Contesting governance

Because one cannot simply demarcate the colonial past from struggles in the present, the contemporary exercise of Indigenous governance is a process that must constantly attempt to renegotiate the balance of domination, subordination and contestation in its interactions with the Australian state (Pels 1997: 163). Furthermore, ‘the state’ does not sit in splendid isolation in the nation’s capital. Nor is it homogeneous. In its governmental, departmental and bureaucratic guises, the state daily manifests itself in Indigenous communities and organisations. The governmentality of the state can be understood as a pattern of power and set of supporting institutions that are dispersed—and not uniformly so—through the Indigenous social body. Contestation also highlights relationships between sets of individuals, as well as systems. These relationships may vary from local, familiar and seemingly benign, to distant, alien and antagonistic.

A broad perspective running through this book is that we must therefore study Indigenous governance as relationships between and among Australian governments and Indigenous groups, and as contestation and negotiation over the appropriateness and application of policy, institutional and funding frameworks within Indigenous affairs. The self-determination policy initiated various government experiments with community management, service delivery and institutional mechanisms for Indigenous-specific funding. More recently, a dominant mode of the state has been increased unilateral intervention into the political, social, family and economic lives of Indigenous communities. This has been particularly evident with the exercise of Commonwealth powers in the Northern Territory (NT).

There is little doubt that the difficulties of Indigenous governance in the context of extremely limited self-determination have long been apparent to those who study the aftermath of Indigenous struggles in the post-colonial world. In Australia it is evident, for example, in lost economic and resource rights, ruptured social fabrics, diminished law, language and ceremony, ill health, broken families and extreme welfare dependency. It is not surprising then that some commentators, including influential Indigenous spokespersons, argue that direct intervention by the state is long overdue and is justified to end dysfunction. But in these unilateral interventions, government support for Indigenous self-governance and related capacity-building is noticeably absent.

Indigenous self-determination in Australia is now widely disparaged. It has failed to deliver expected improvements in socioeconomic outcomes and has been poorly implemented by governments (Hunt this volume, Chapter 2). While there are some examples of outstanding Indigenous governance success (Reconciliation Australia 2006, 2008), there are also examples that have tragically failed to provide for the most basic rights of the people they are meant to represent. A preoccupation with Indigenous governance failure and dysfunction, however, has taken hold among policy makers and commentators alike, to the point that Indigenous institutions and capacity are now commonly seen through the lens of a deficit model of, and a problem for, ‘good governance’.

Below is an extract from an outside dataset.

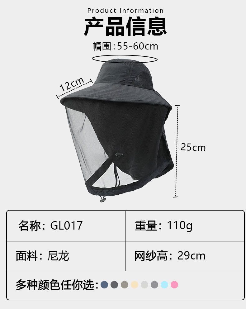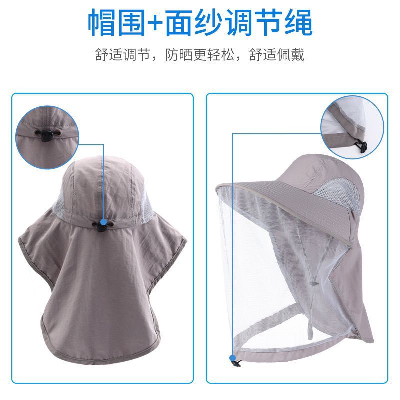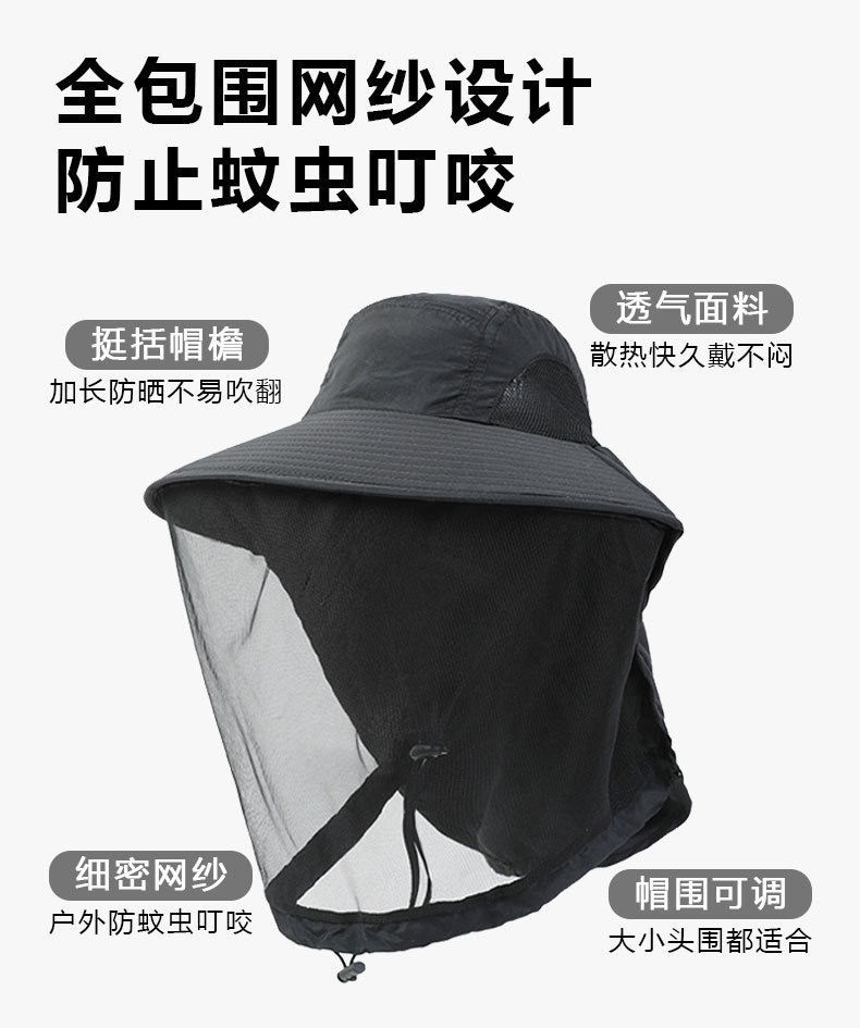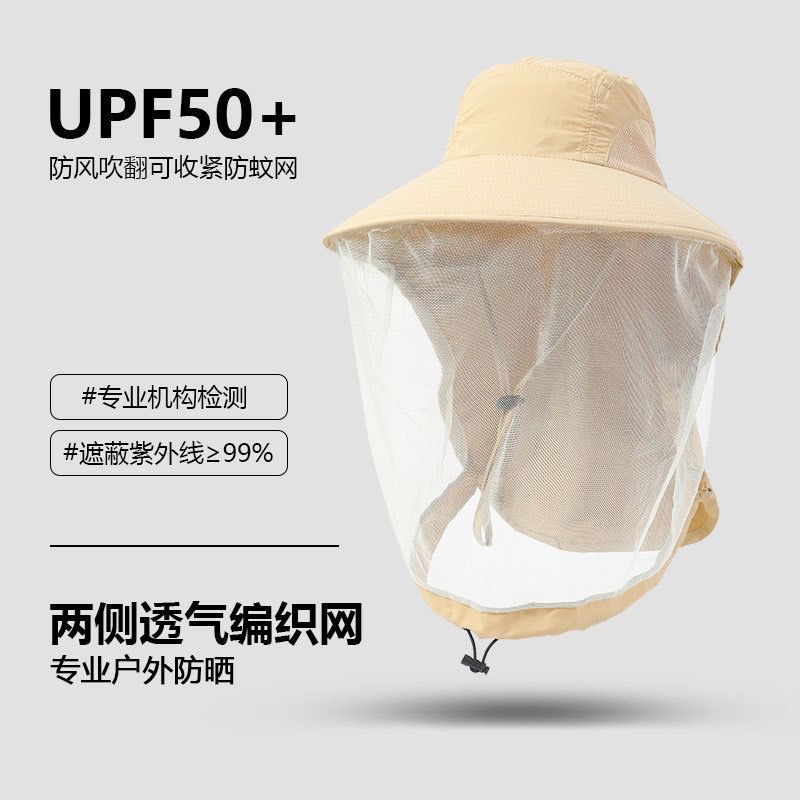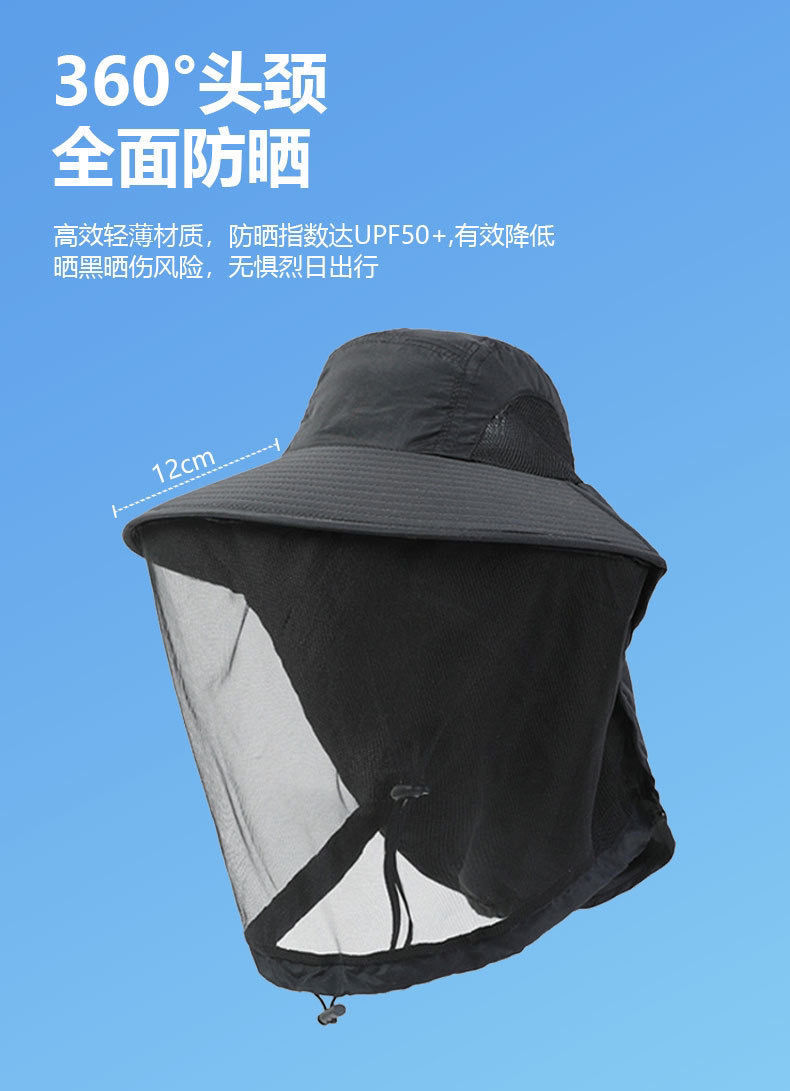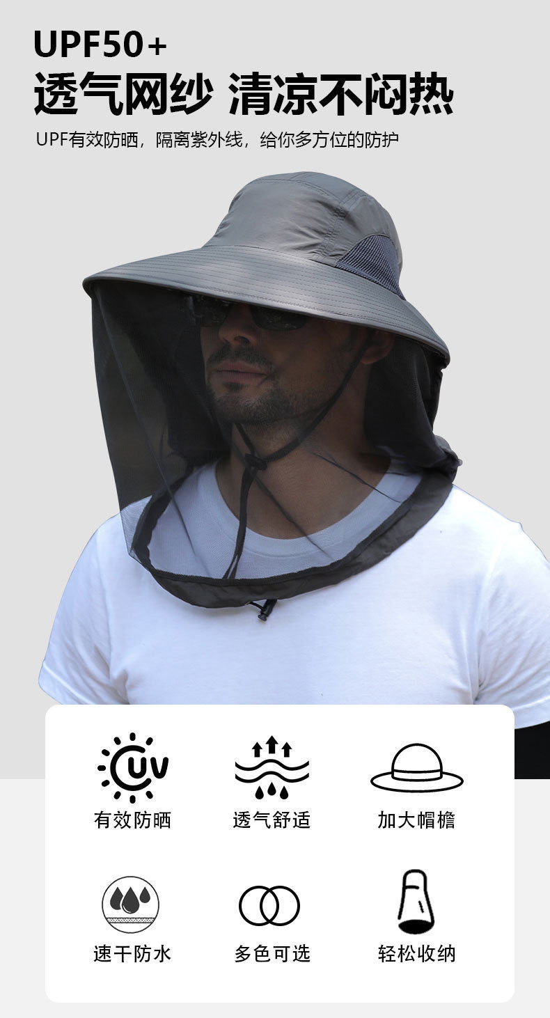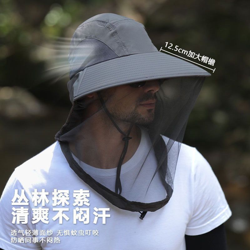 防晒帽钓鱼登山帽防蚊虫网纱面罩男女防紫外线渔夫帽太阳帽防虫帽

Within this environment, Indigenous peoples in Australia have also been determined to increase their authority and capacity over their own affairs, resources and futures. They also point to the dysfunction and lack of governance capacity within governments as being equally relevant causal factors contributing to their poor community governance and socioeconomic disadvantage.

Partly as a result of these outcomes and public debates, the issue of governance and more particularly ‘good governance’ has come into greater prominence in Australian Indigenous affairs. As the concept of ‘good governance’ has rapidly transferred from the arena of international development and corporate management into policy making and bureaucratic language, some State and Territory governments have shown an interest in paying attention to Indigenous governance, but have found implementation difficult; their own capacities have been challenged by the task. The issue of governance also preoccupies Indigenous communities, organisations and leaders who have been bitterly disappointed with the political rhetoric and institutional failures of the Australian state over many decades. Indigenous groups are increasingly considering whether governance offers them an avenue to greater self-determination, when the official policy by that name did not, and while many remain so dependent on the state.

Getting governance right is gradually being recognised by both Indigenous and non-Indigenous Australians as fundamental to improving Indigenous well-being and generating sustained socioeconomic development. But its introduction into Australia has been loaded with unrealistic expectations and contradictory assumptions. There is little critical understanding or consensus about its meaning, or how effective governance in Indigenous communities and regions might be developed, so that people talking about governance are often ‘talking past each other’, as Thorburn’s chapter (Chapter 13) in this volume illustrates.